As for market incentives, Durban’s UD system was also meant to benefit poor people once urine began to be collected and sold to the municipality (at $2.50/month) because once dried, urine is “rich in nitrates, phosphorus and potassium, which can be turned into fertilizer,” Macleod enthused, so “If we can turn the toilets into a source of revenues, then they will want to use the toilets” (Veith 2010). In 2022, Macleod’s work with Gates to impose UDs so as to harvest urine continued, although rhetorically at least, a shift was now evident towards what eventually might be less class-insensitive discriminatory sanitation services: “the long-term goal is to come up with more resource-effective solutions for everyone, regardless of whether they live in Khayelitsha [Cape Town’s main low-income ghetto] or Sandton [the country’s wealthiest suburb within Johannesburg’s main corporate nexus]” (Carnie 2022).

But this was another technical fix, full of promise, that never panned out. Indeed, as community organizer Dudu Khumalo explained about the area adjacent to Inanda Dam, “These communities are repelled by human excrement as fertilizer, because of the many diseases surrounding them, compared to cow-dung. The burden of cleaning is left to women. Other creative opportunities for bio-gas are also foreclosed by UDs” (Amisi et al, 2008). The UDs were turned into storehouses or were reconfigured as self-dug septic tanks whose illegal water inputs came through informal piping not approved by the municipality. This was not unusual because in a 2013 survey of 17,000 recipients of the UD toilet, only 1 percent of respondents approved, with 99 percent desiring a flush toilet inside their house, largely due to the UD’s stench (Roma et al 2013; Coertzen 2014). As a 2017 survey confirmed, “More than 95 percent of the participants reported that they do not regard the UD as a permanent asset and they all aspired to have a flush toilet, which is associated with being a first-class citizen” (Mkhize et al 2017: 114). The UD operates, however, as an incrementalist strategy, so by making large investments in the 85,000 units, the option of a community-wide sewage system is forestalled, locking in Durban’s notorious residential segregation on class and spatial grounds (Bond 2020).

The next Gates grant, of $1.3 million in 2016, represented yet another technical fix to the failed technical fix. The UDs were maintained without any changes, but new outsourced workers (not municipal employees) were hired to truck sludge from UD buckets to a sewage treatment plant in South Durban (Ismail 2018). This would allow Black Soldier Fly Larvae (BSFL) to process the waste (Alcock et al 2016, 5). As a study funded by Gates argued, “the use of BSFL could provide a solution to the health problems associated with poor sanitation and inadequate human waste management in developing countries… the prepupae produced have a value that could provide a source of income for communities or local entrepreneurs” (Banks et al 2014: 14, 20). A Nature journal reporter (Wald 2017, 148) was enthusiastic: “The factories dehydrate the larvae to make an animal feed or extract a fatty oil, which has a range of uses from cosmetics to bio-diesel. The leftover organic matter becomes a soil conditioner.” Consistent with contemporary management ideology, this was a Public Private Partnership (with UK-based firm AgriProtein).
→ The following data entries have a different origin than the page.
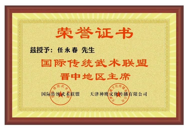 任永春老师, 山西人,国际传统武术联盟晋中地区主席,国际武术 七段 国际武术一级教练, 国际武术一级裁判员 ,2018航母论剑传播大使。
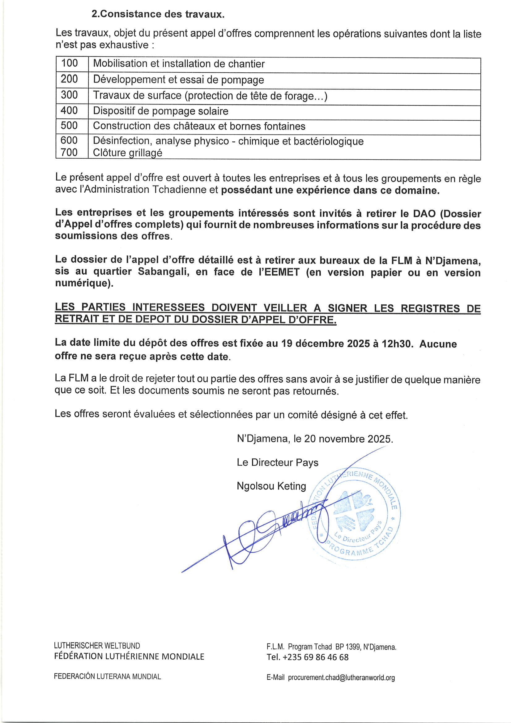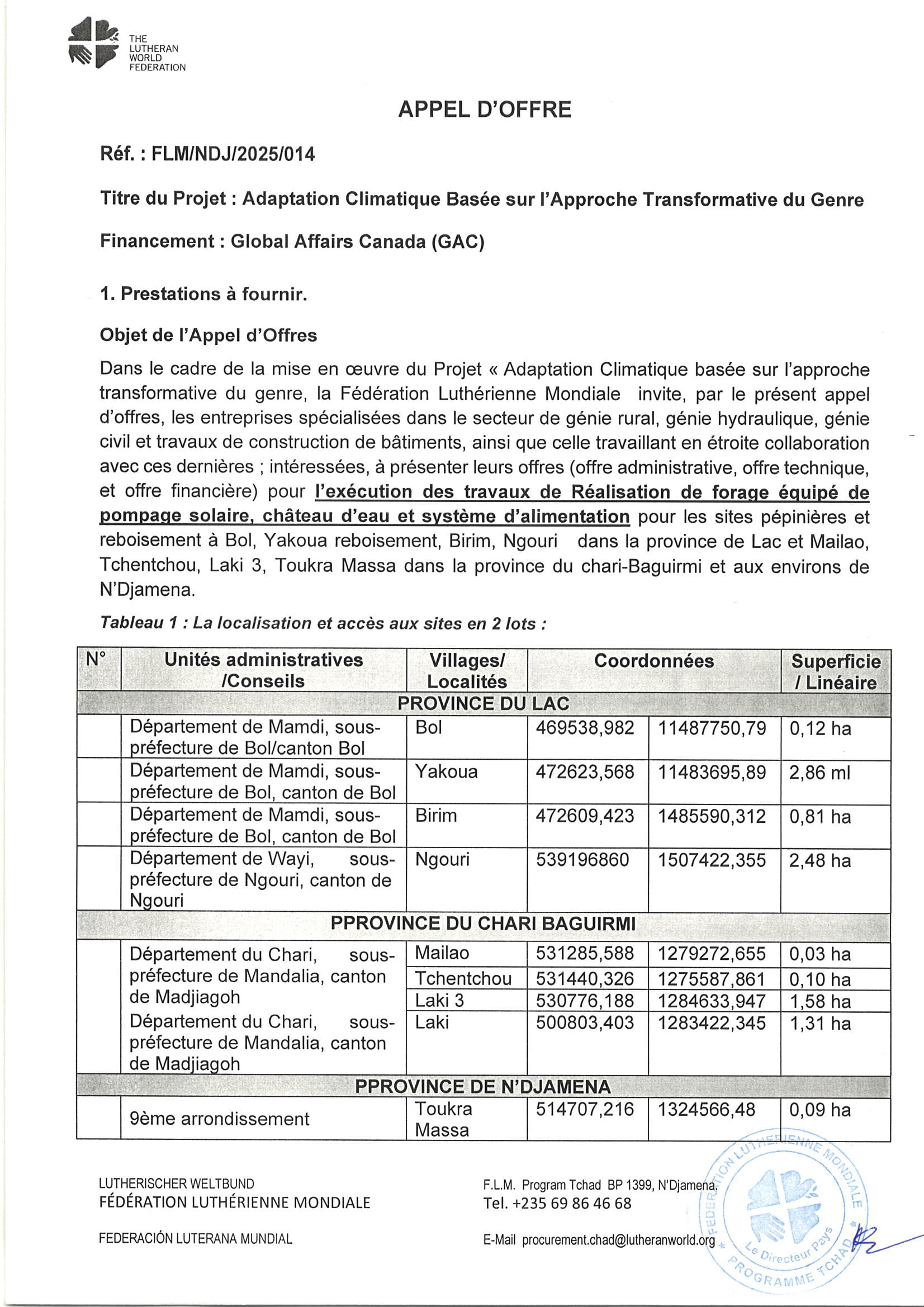 La Fédération Luthérienne Mondiale lance un avis d’appel d’offre pour l’exécution des travaux de réalisation de forage équipé de pompe solaire, château d’eau et système d’alimentation, Bol, Yakoua, Birim, , Ngouri, Mailao, Tchentchou, Laki 3, Chari Baguirmi, N’Djamena, Tchad
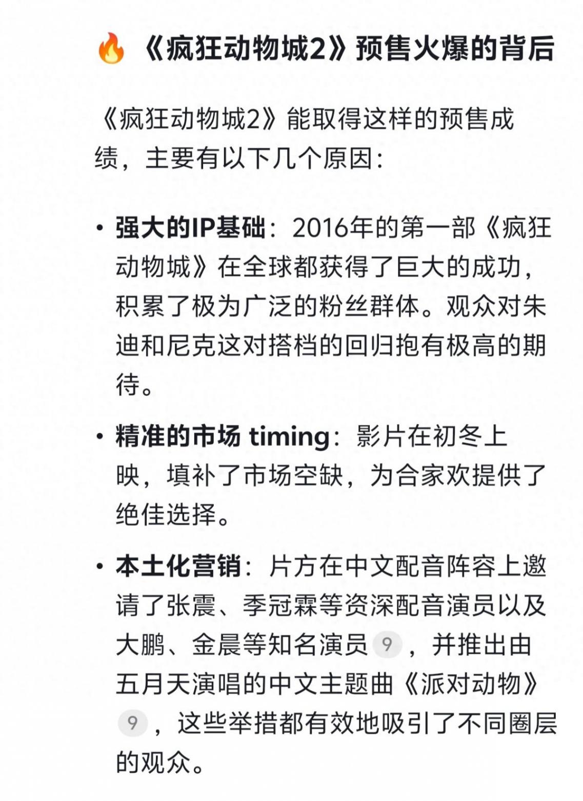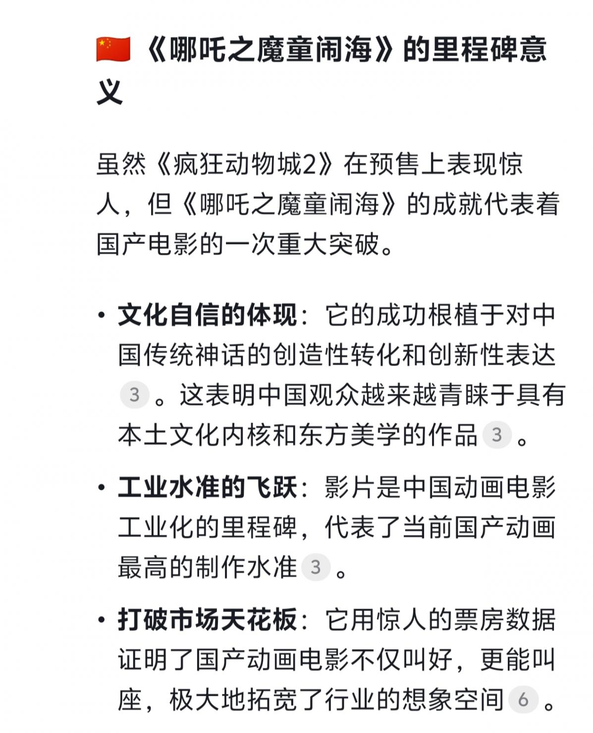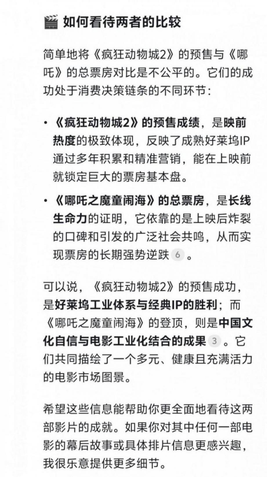 《疯狂动物城2》预售票房突破3亿,确实是一个非常亮眼的成绩,但这需要客观看待:它刷新的是进口动画电影的预售纪录,而《哪吒之魔童闹海》保持的是包含国产片在内的全题材影片的票房总纪录。两者在赛道和意义上有所不同。

But once again, the fix failed: the faecal sludge’s dangerous pathogens proved resistant to decay and the BLSF solution could not deliver the expected results. Once again, researchers found it convenient to blame the victims, who didn’t separate their solids and liquids: “cross contamination of urine may be occurring through incorrect UD usage with faeces entering the urine collection receptacle. It is recommended that municipality re-start their community education programme on the use of UDs” (Vivian et al 2019, 148). But failure was, at least, acknowledged at Gates Foundation in December 2019, where Maximillian Grau and Nick Alcock (2019: 2-6) reported: “the initial process flow for the BSFL processing plant did not achieve the desired results in terms of reaching viability” because nearly everything that could go wrong, apparently did go wrong. [6] But in addition to the misfired silver bullet, there was a more profound problem that the Gates’ market-reliant ideology could not properly incorporate. According to Dhesigen Naidoo (2018), a fan of UDs, the model’s failure was evident: “The deeper problem is that there is no sanitation market, especially for the poor – it happens to be a monopolized public good with minimal innovation uptake.”
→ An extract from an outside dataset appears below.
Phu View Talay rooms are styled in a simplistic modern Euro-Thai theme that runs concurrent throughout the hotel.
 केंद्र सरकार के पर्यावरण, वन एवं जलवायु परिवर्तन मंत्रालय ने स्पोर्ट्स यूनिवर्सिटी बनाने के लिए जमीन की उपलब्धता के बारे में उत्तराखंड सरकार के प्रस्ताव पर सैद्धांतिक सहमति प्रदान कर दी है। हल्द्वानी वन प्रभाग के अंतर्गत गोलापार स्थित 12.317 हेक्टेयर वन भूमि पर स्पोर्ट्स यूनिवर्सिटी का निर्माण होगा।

Bill Gates played one more highly significant role in contemporary South Africa that sums up his approach to philanthrocapitalism: denial of generic vaccines and treatment once the Covid-19 pandemic arose. The South African angle is again instructive, for two reasons. First, the country’s depleted public healthcare system – mainly due to private medical insurance and providers who use half the country’s resources on only the highest-income 14 percent of the population – was further hurt by austerity conditions, including a $260 million cut in the health budget in late February 2020 even though the pandemic was bearing down. That meant the system could not prevent extremely high levels of mortality, with an official 100,000 deaths over two years but “excess deaths” three times as high (i.e., among the world’s top dozen mortality rates) (Figure 1). As The Economist (2022) remarked, “Among developing countries that do produce regular mortality statistics, South Africa shows the grimmest picture, after recording three large spikes of fatalities.”
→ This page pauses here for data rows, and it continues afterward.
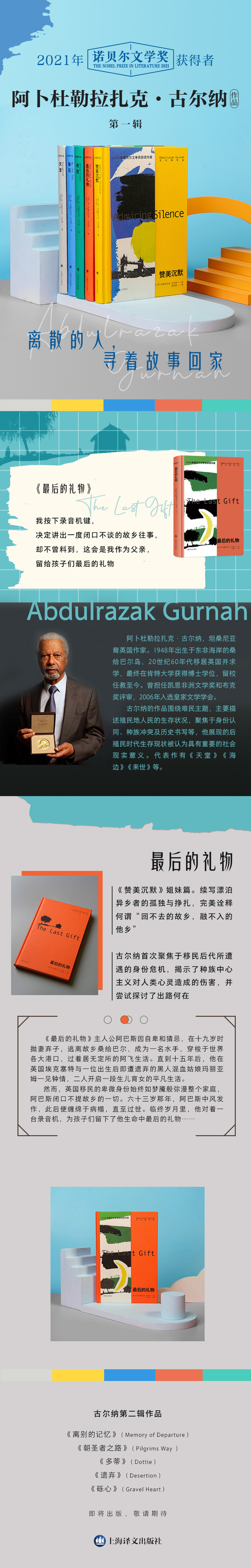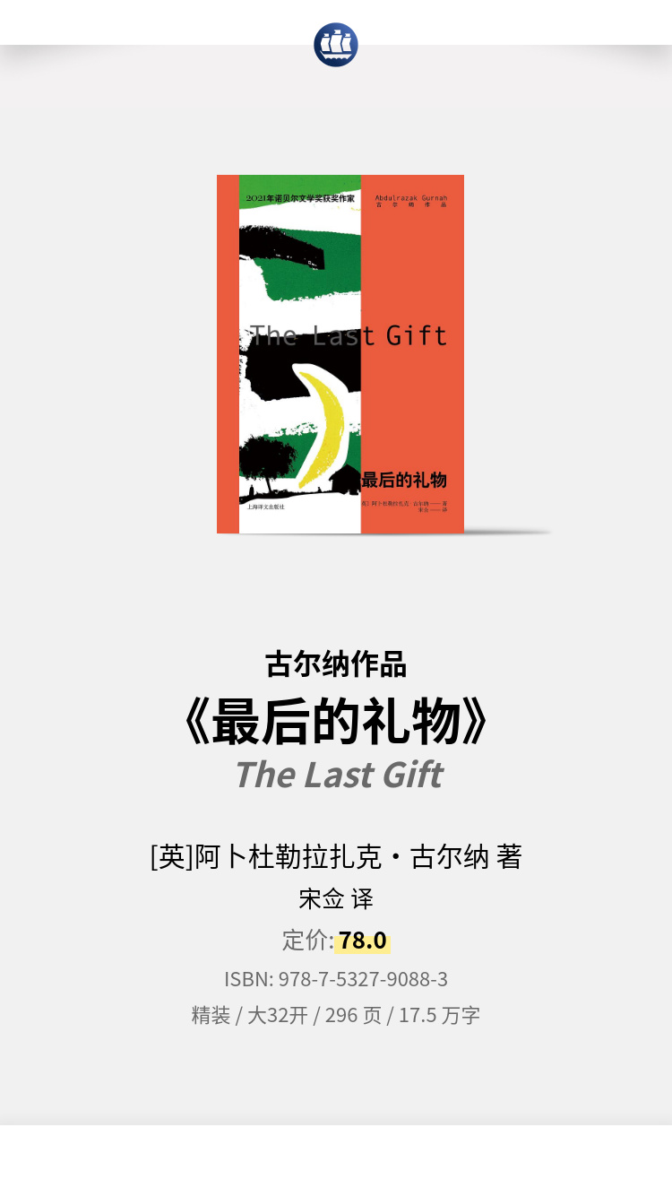 《最后的礼物》是2021年诺贝尔文学奖得主阿卜杜勒拉扎克·古尔纳出版于2011年的作品,也是他的另一部小说《赞美沉默》的姐妹篇。故事讲述了主人公阿巴斯因自卑和猜忌,在十九岁时抛妻弃子,逃离故乡桑给巴尔,成为一名水手,穿梭于世界各大港口,过着居无定所的阿飞生活。直到十五年后,他在英国埃克塞特与一位出生后即遭遗弃的黑人混血姑娘玛丽亚姆一见钟情,二人决定在诺里奇定居,开启一段生儿育女的平凡生活。
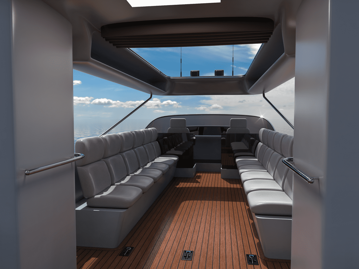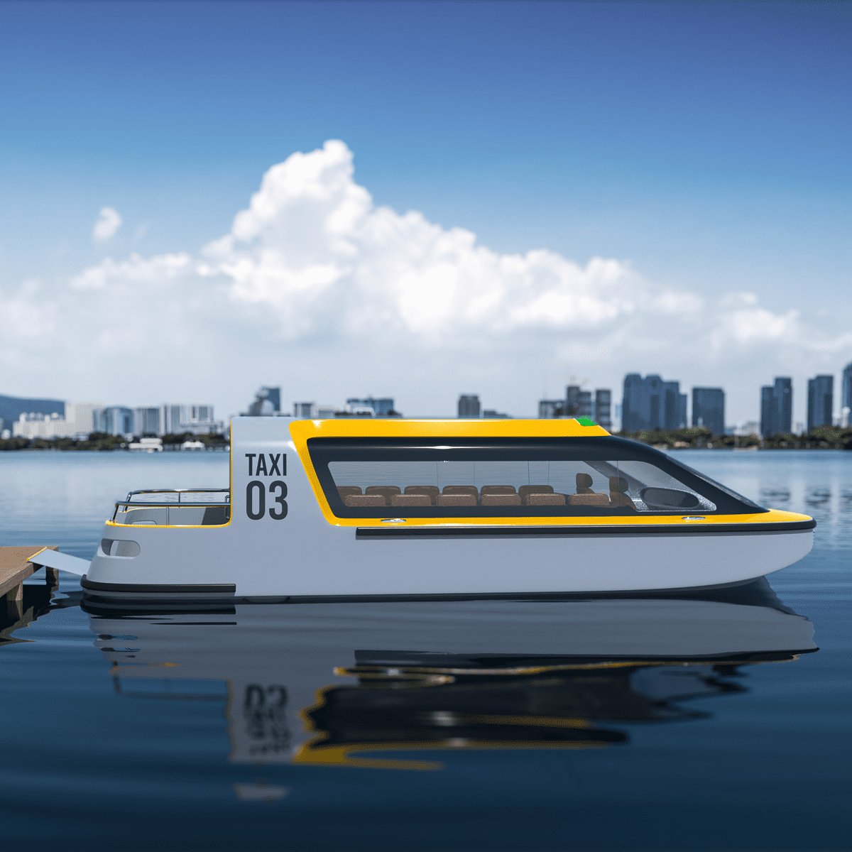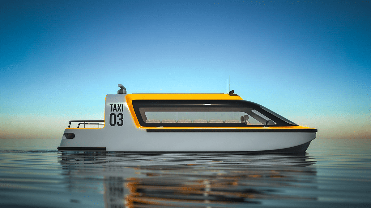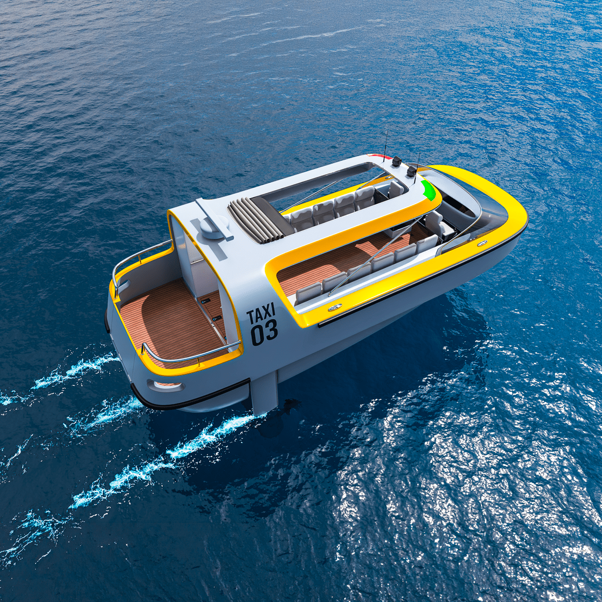 Concept development and visualizations of a fully EV powered foiling watercraft for The Water Taxi Company.
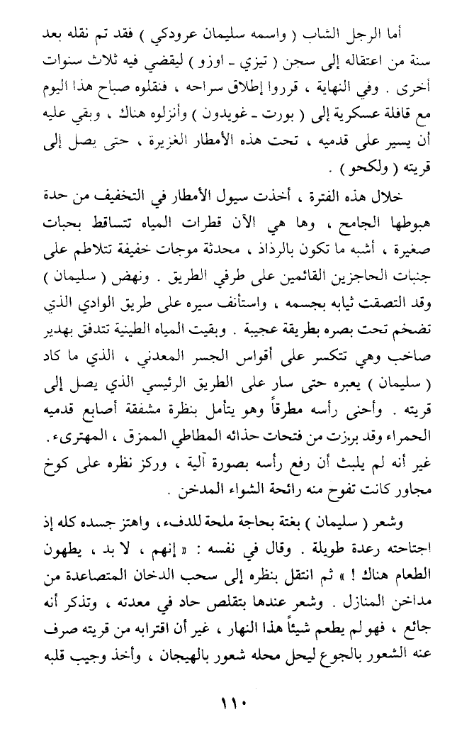 أما الرجل الشاب (واسمه سليمان عرودكي) فقد تم نقله بعد سنة من اعتقاله إلى سجن (تيزي - اوزو) ليقضي فيه ثلاث سنوات أخرى. وفي النهاية، قرروا إطلاق سراحه، فنقلوه صباح هذا اليوم مع قافلة عسكرية إلى (بورت - غويدون) وأنزلوه هناك، وبقي عليه أن يسير على قدميه، تحت هذه الأمطار الغزيرة، حتى يصل إلى قريته (ولكحو).
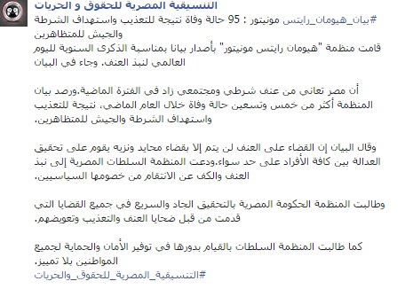 قالت منظمة هيومان رايتس مونيتور إن مصر تعاني من عنف شرطي ومجتمعي زاد في الفترة الماضية، مضيفة أنها رصدت المنظمة أكثر من خمس وتسعين حالة وفاة خلال العام الماضي، نتيجة للتعذيب واستهداف الشرطة والجيش للمتظاهرين.

Although authorities never released breakdowns of class- and race-incidence, the limits of the healthcare marketplace were abundantly evident in what the World Bank (2022) acknowledged was by far the world’s most unequal country. Only in mid-2022 was a study done by public health scholars confirming black South Africans’ higher risk of Covid-19 mortality, higher hospitalization rates (and with more ventiliation and Intensive Care Unit treatment required), yet decreased rates of treatment for those needing tertiary care (Jassat et al, 2022). All manner of excellent technical supports for the wealthier citizens, including oxygen supply and cutting-edge Covid-19 treatment, were not available for the masses.

During apartheid, this was the country that pioneered heart transplants, for the benefit of white patients, so its scientific capacities in healthcare were not in doubt. But South Africa’s philanthrocapitalists would not tolerate or promote funded research or advocacy that might support the oft-demanded National Health Insurance (“single-payer” or “Medicare for All” in U.S. jargon). Moreover, as the crisis broke in March 2020, the leader of the third main political party made the demand that South Africa should follow the Spanish government’s lead in nationalizing – even temporarily – the private healthcare system, but the response from President Cyril Ramaphosa was laughter (Bhengu 2020).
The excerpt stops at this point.